Nathaniel Brown ("Defendant") asks this Court to conduct an independent review of the record in accordance with Anders v. California to determine whether prejudicial error occurred during his probation revocation hearing.
I. Background
In October 2016, Defendant pleaded guilty to two crimes and was sentenced to two consecutive sentences of 12-24 months. Those sentences were suspended, and Defendant was placed on supervised probation for 24 months.
Four months later, in February 2017, a probation officer filed reports alleging Defendant violated conditions of his probation. The case came on for hearing and Defendant admitted the violations. The trial court revoked Defendant's probation and activated modified sentences of imprisonment.
Days later, Defendant wrote a letter to the clerk of court complaining about being given "a box car sentence." Recognizing that this letter lacks some of the formalities of a proper notice of appeal, Defendant filed a petition for writ of certiorari to consider the merits of this appeal. We grant Defendant's petition to consider Defendant's appeal.1
We hereby grant Defendant's petition in order to examine the record on appeal for possible prejudicial error and to determine whether any non-frivolous issue has been overlooked pursuant to State v. Kinch , 314 N.C. 99, 331 S.E.2d 665 (1985).
II. Analysis
On appeal, Defendant's counsel filed a brief acknowledging that he was unable to identify any issue with sufficient merit to support a meaningful review. Defendant's counsel then asks this Court to conduct an independent review of the record in accordance with Anders v. California , 386 U.S. 738 (1967), to determine whether there are any non-frivolous issues with regard to Defendant's probation revocation hearing. We note that the United States Supreme Court has held that an Anders review is not constitutionally required in post-conviction proceedings, but is only required during the first appeal of right where there is a right under our federal Constitution to an attorney:
We think the court below improperly relied upon the United States Constitution to extend the Anders procedures to postconviction proceedings. The holding in Anders was based on the underlying constitutional right to appointed counsel established in Douglas v. California , 372 U.S. 353 (1963) [, which held] that denial of counsel to indigents on first appeal as of right amounted to unconstitutional discrimination against the poor. ... Anders established a prophylactic framework that is relevant when, and only when, a litigant has previously established a constitutional right to counsel.
We have never held that prisoners have a constitutional right to counsel when mounting collateral attacks upon their convictions, and we decline to so hold today.
Pennsylvania v.

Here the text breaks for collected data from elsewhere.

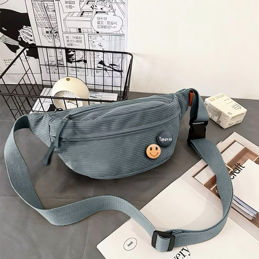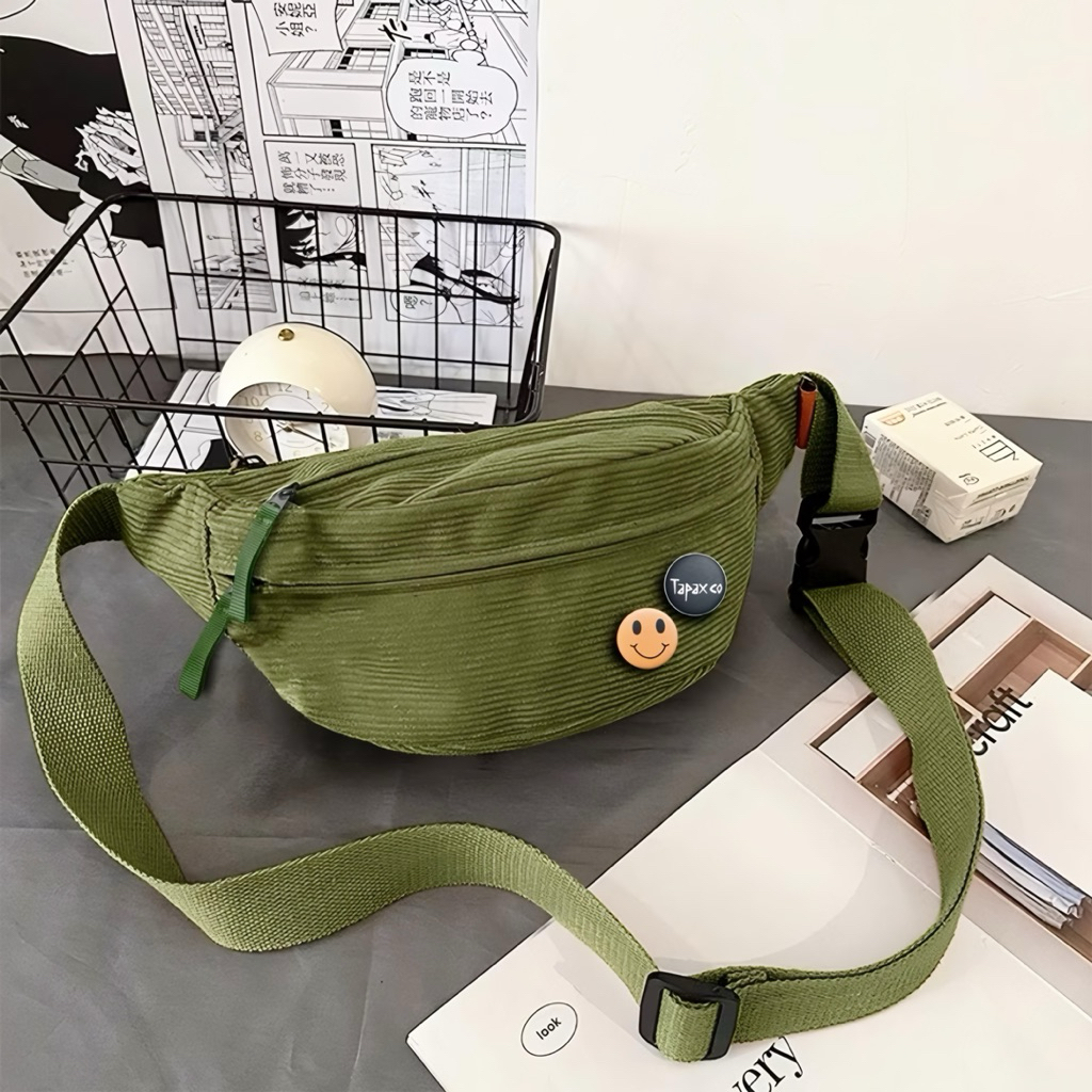 TAS WANITA TAPAXCO Tas Wanita Selempang Corduroy Floryn Tas Waitsbag Corduroy Unisex FREE PIN TAS WANITA SIMPLE ELEGAN
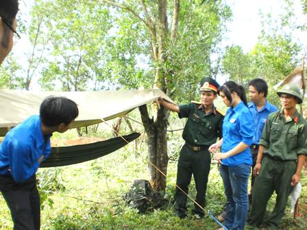 | Chiến sĩ hướng dẫn đoàn viên mắc tăng võng. |
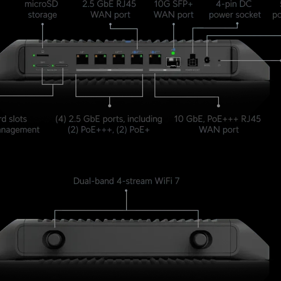 | Poort layout 2.5 GbE RJ45 | 4 (2 PoE+++, 2 PoE+) (2.5G/1G/100M) |
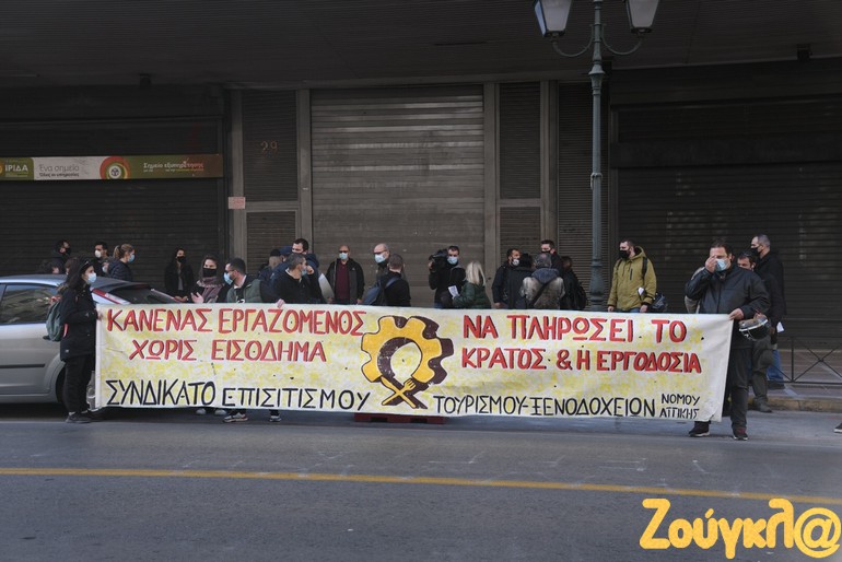 Τα μέλη των Σωματείων διεκδικούν άμεση ενίσχυση 600 ευρώ σε όλους τους εργαζόμενους του κλάδου, με προτεραιότητα σε όσους δεν έχουν λάβει καμία κρατική στήριξη, προκειμένου να μπορέσουν να περάσουν τις γιορτές.
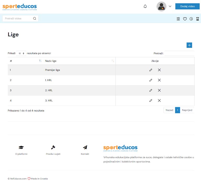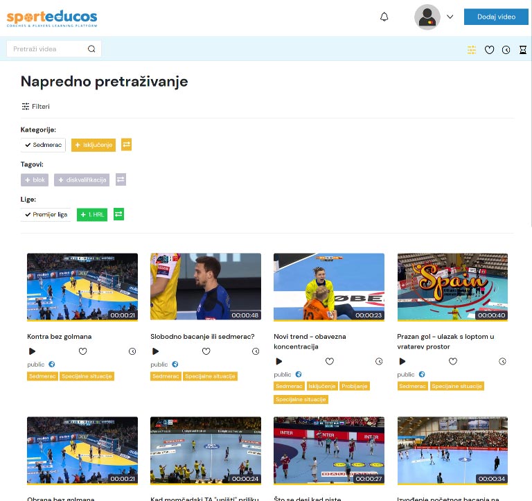Mogućnost kreiranja i odabira liga kojima je video namijenjen
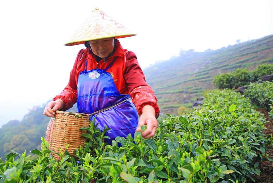 29日、浙江省玉環市大麦嶼街道の石峰山火山茶基地で「明前茶」の茶葉を摘む農家の人。(玉環=新華社配信/段俊利)
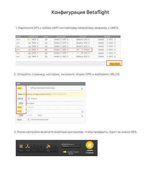 - В конфигураторе Betaflight для данного модуля необходимо установить поворот компаса: CW 270° Flip. Это важное отличие от модели M10Q-120 V2
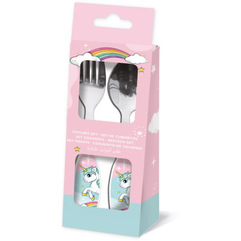 Unicorn, Unikornis fém evőeszköz készlet - 2 darabos Fém kanálból és villából álló készlet, amellyel gyermeke a lekerekített formájuknak köszönhetően szórakoztató és biztonságos módon tanulhatja meg a felnőtt evőeszközök használatát étkezés közben.
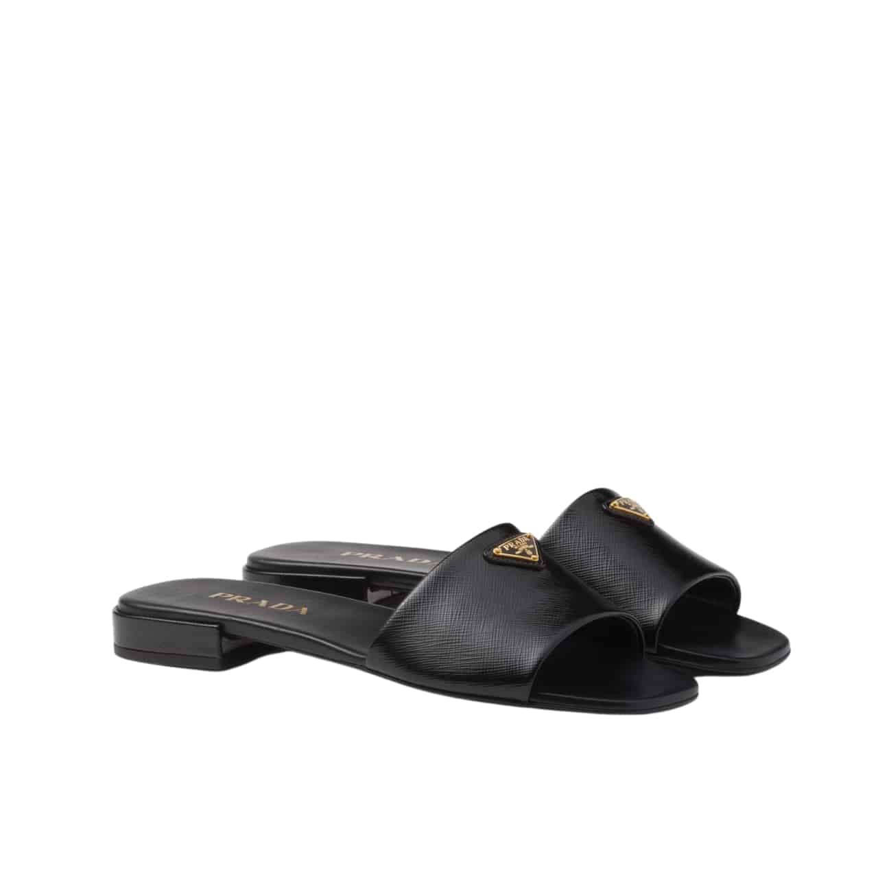Prada Saffiano Patent Leather Slides Black 1Xx730 3A9S F0002 F 010

Finley , 481 U.S. 551, 554-55 (1987). This appeal is not from Defendant's conviction, but rather from a post-conviction proceeding. Further, we note that the United States Supreme Court has refused a universal right under the Constitution at probation revocations hearings. Gagnon v. Scarpelli , 411 U.S. 778, 790 (1973). And, citing Gagnon , our own Supreme Court has held that a right to counsel during the probation revocation stage is statutory and not constitutional. State v. Coltrane , 307 N.C. 511, 514, 299 S.E.2d 199, 201-02 (1983) (holding that a defendant's right to counsel at probation revocation hearings is based on statute).
Notwithstanding the foregoing, in our discretion, we have reviewed the record. Based on our review, we have been unable to discern any non-frivolous issue. Accordingly, we dismiss this appeal. See Kinch , 314 N.C. at 106, 331 S.E.2d at 669 ("Upon our examination of all of the proceedings, we hold the appeal to be wholly frivolous and subject to dismissal.")
DISMISSED.
Report per Rule 30(e).
Judges ELMORE and DAVIS concur.
According to the Department of Public Safety website, Defendant was released from prison on 25 January 2018. Defendant has confirmed to appellate counsel that he is currently on post-release supervision. Since he continues to be subject to the possible revocation of his supervision, this matter is not yet moot.